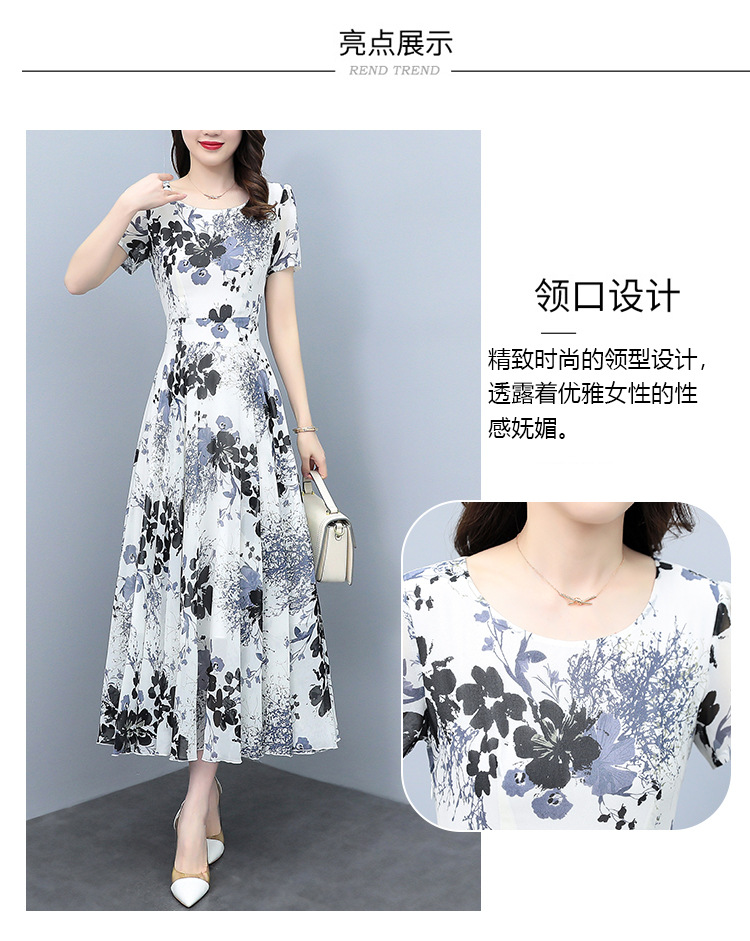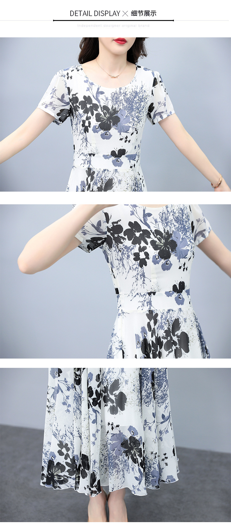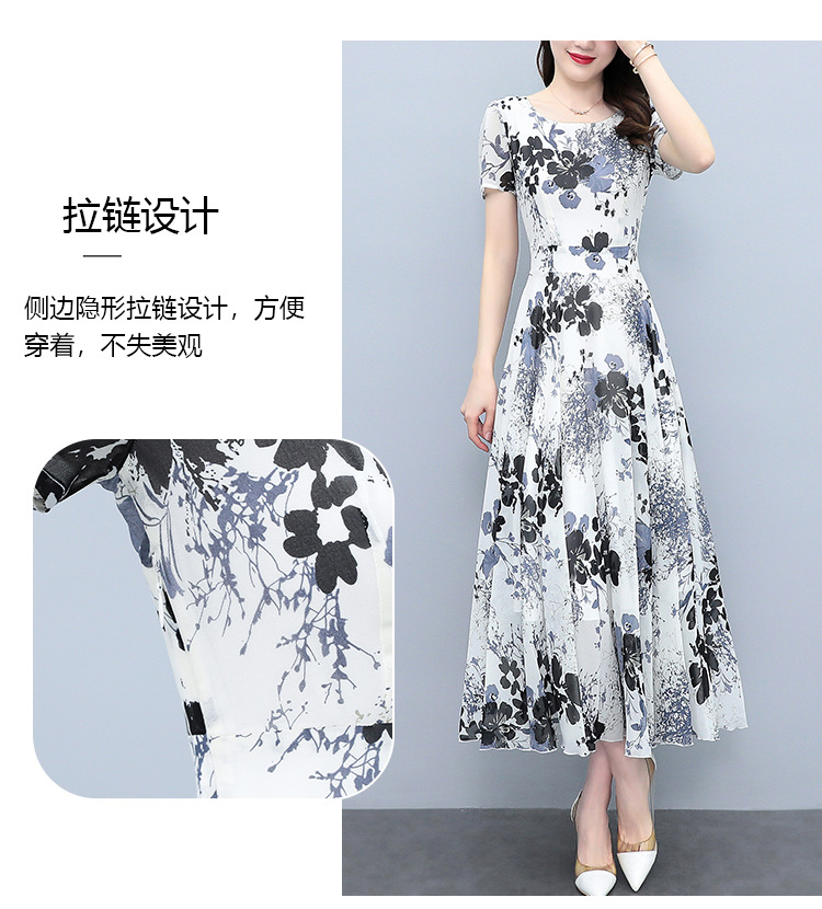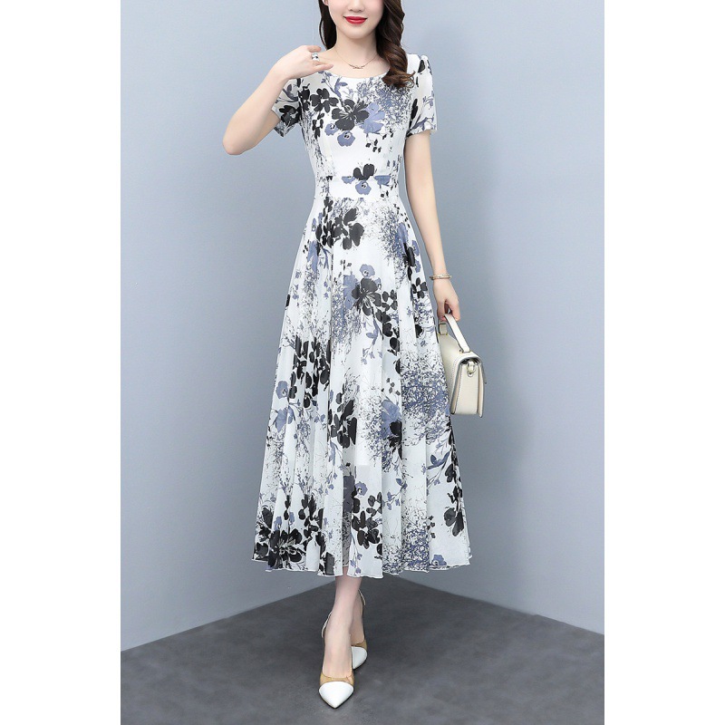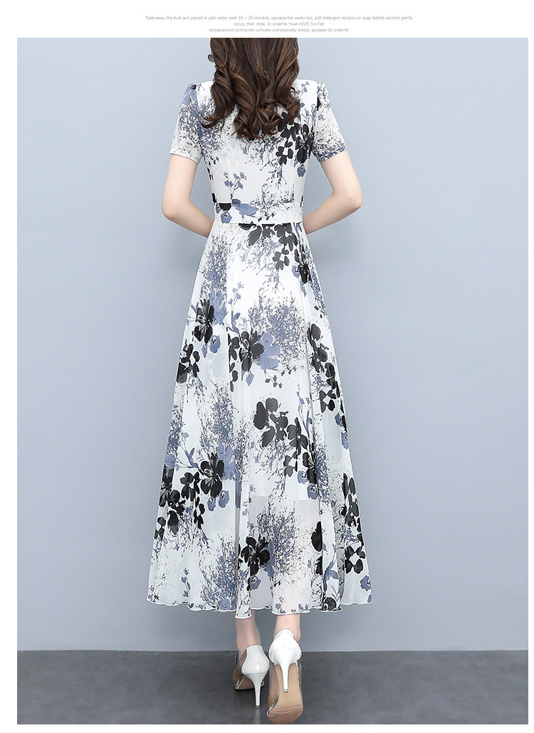 2023夏季新款白色雪纺碎花连衣裙收腰显瘦遮肚子长裙
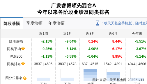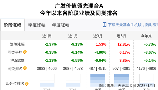 其中,广发价值领先混合A今年以来收益率-5.73%,同类排名4176(总4606),广发睿毅领先混合A今年以来收益率-5.51%,同类排名4044(总4606)。
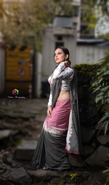 Saree Colour: Pink and Grey
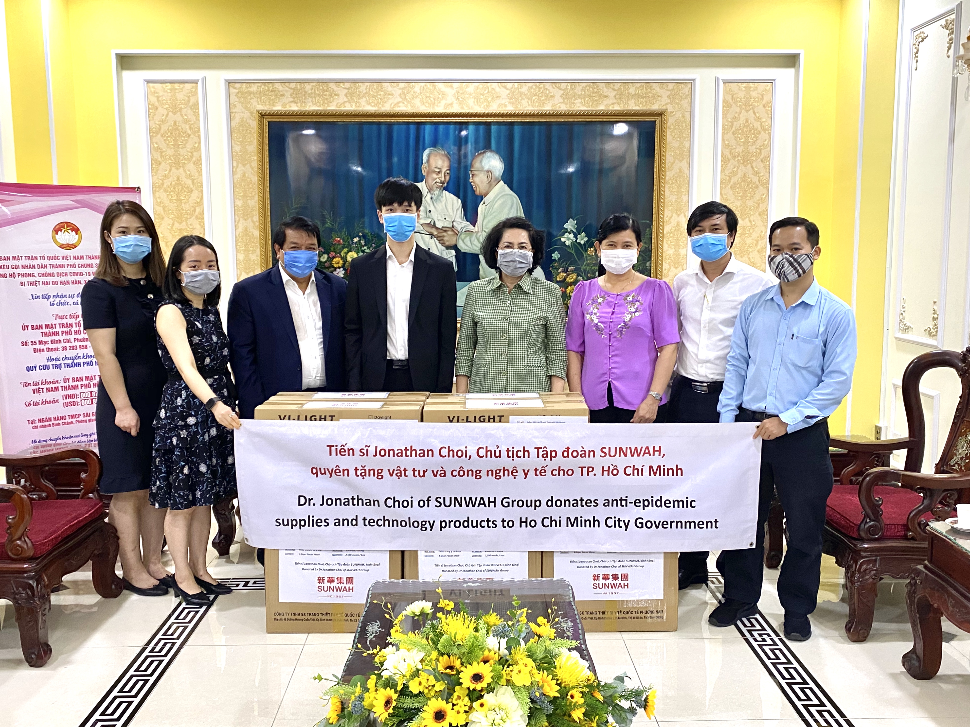 Sunwah – To support Ho Chi Minh City in the fight against COVID-19, Dr. Jonathan Choi, Chairman of Sunwah Group, donated 20,000 medical masks, 2,000 bottles of hand sanitizer, 100 sets of UV germicidal lights and one package of technology products today (9 April) to Ho Chi Minh City government, Vietnam National University, University of Economics and Banking University in Ho Chi Minh City.

(Goal of the exercise):
The lines from the top of the data above through the one holding "Saree Colour: Pink and Grey" are to be repeated exactly, and only those, with no pictures.

(Answer below):
 2023夏季新款白色雪纺碎花连衣裙收腰显瘦遮肚子长裙
 其中,广发价值领先混合A今年以来收益率-5.73%,同类排名4176(总4606),广发睿毅领先混合A今年以来收益率-5.51%,同类排名4044(总4606)。
 Saree Colour: Pink and Grey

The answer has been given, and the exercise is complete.